A new survey released on Wednesday, which was conducted by Ipsos for the ING bank website, eZonomics, shows that a cashless society could be just around the corner, where the ATM machine used to be….
“More and more people will end up with a situation where they can quite comfortably get by for two days, three days, four days, even a week, without ever using cash,” said Ian Bright, managing director of group research for ING wholesale banking.
Not convinced that people will be able to quit cash altogether, Bright said that societies all over the world are definitely heading in that direction.
Conducted in 13 European countries, the United States and Australia, the survey found that “more than a third of Europeans and Americans would be happy to go without cash and rely on electronic forms of payment if they could, and at least 20 percent already pretty much do so.”
Due to the prevalence of today’s payment systems, such as contactless cards and mobile-phone digital wallets, the issue has actually taken on a political tone in some countries.

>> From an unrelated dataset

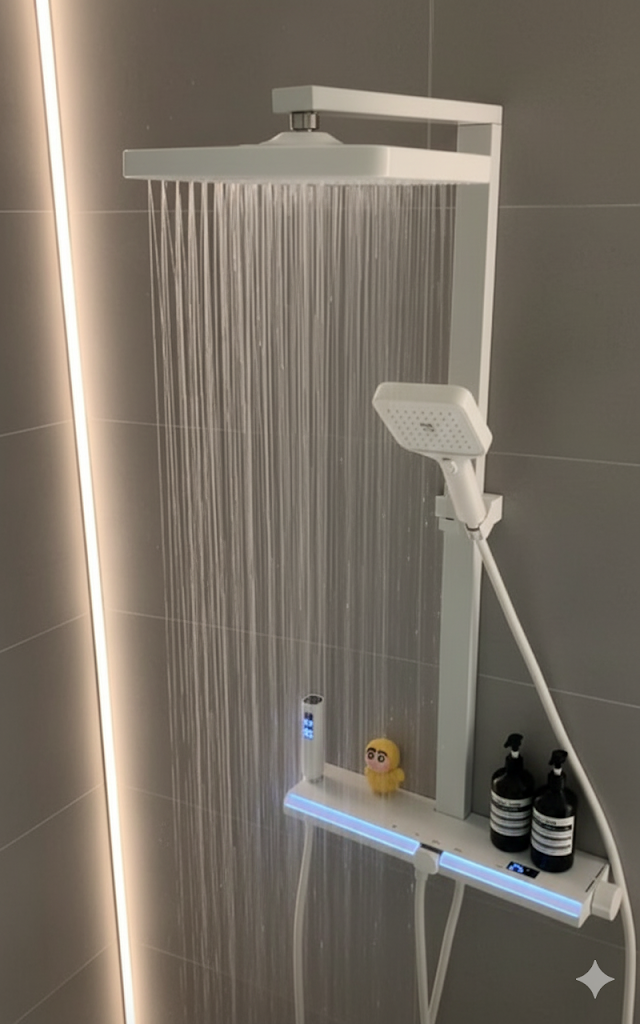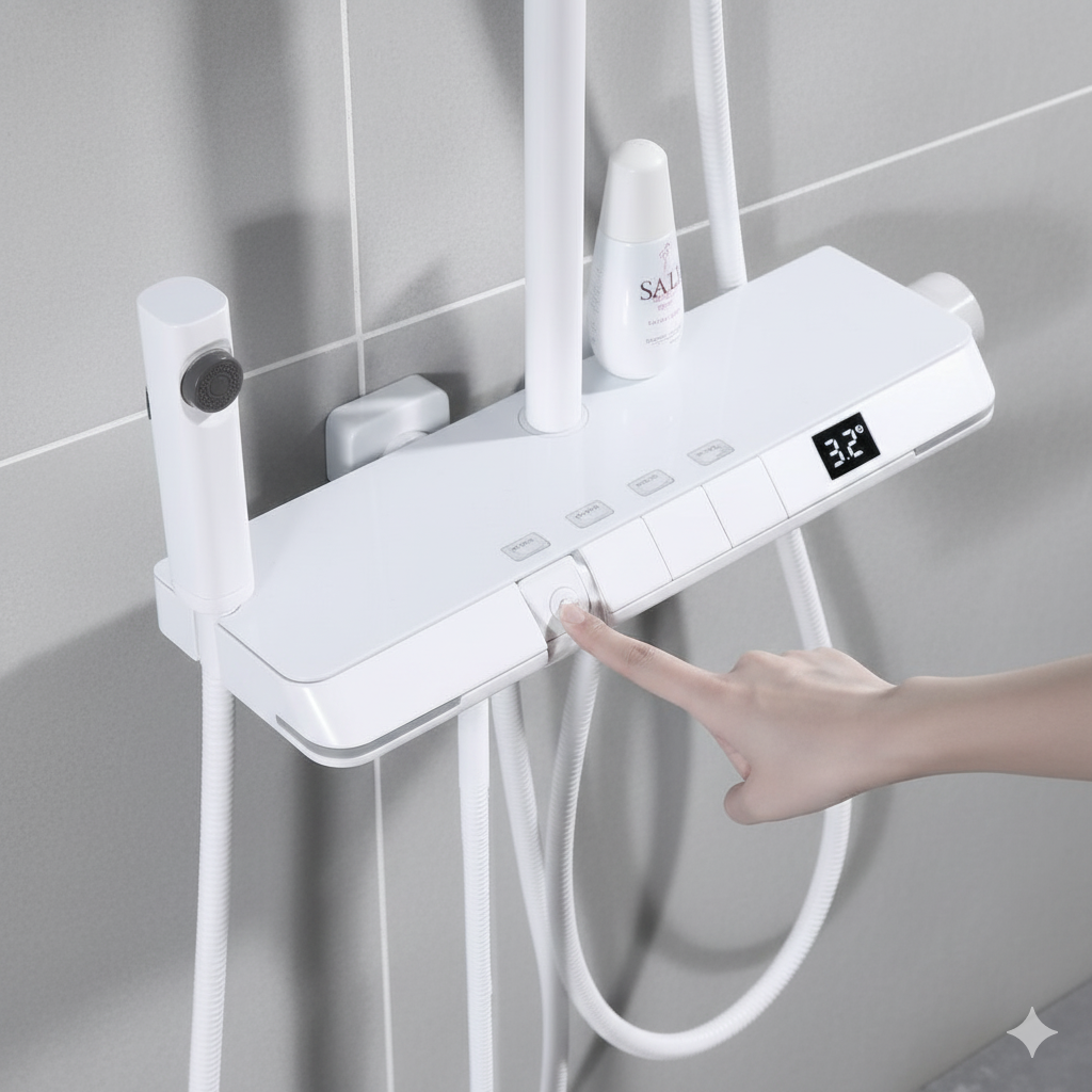 Turn up the intensity in your bathroom with this off-white piano-finish shower set made from premium 304-grade stainless steel. Engineered for power and versatility, it offers four functions in one rust-free imported design. Experience hydropower performance combined with striking durability—this shower set is built to dominate every shower.

“Overall, 34 percent of respondents in Europe and 38 percent in the United States said they would be willing to go cash-free,” according to the survey, which also revealed that “21 percent and 34 percent in Europe and the United States, respectively, said they already rarely use cash.”
The data also found that “more than half of the European respondents said they had used less cash in the past 12 months than previously and 78 percent said they expected to use it even less over the coming 12 months.”
Germans have been found to be big cash carriers while nearly one-third of consumers in countries such as Poland and France said that they rarely use it.
In general, the survey found that people who live in countries where cash is king were actually the most likely to want to stop using it.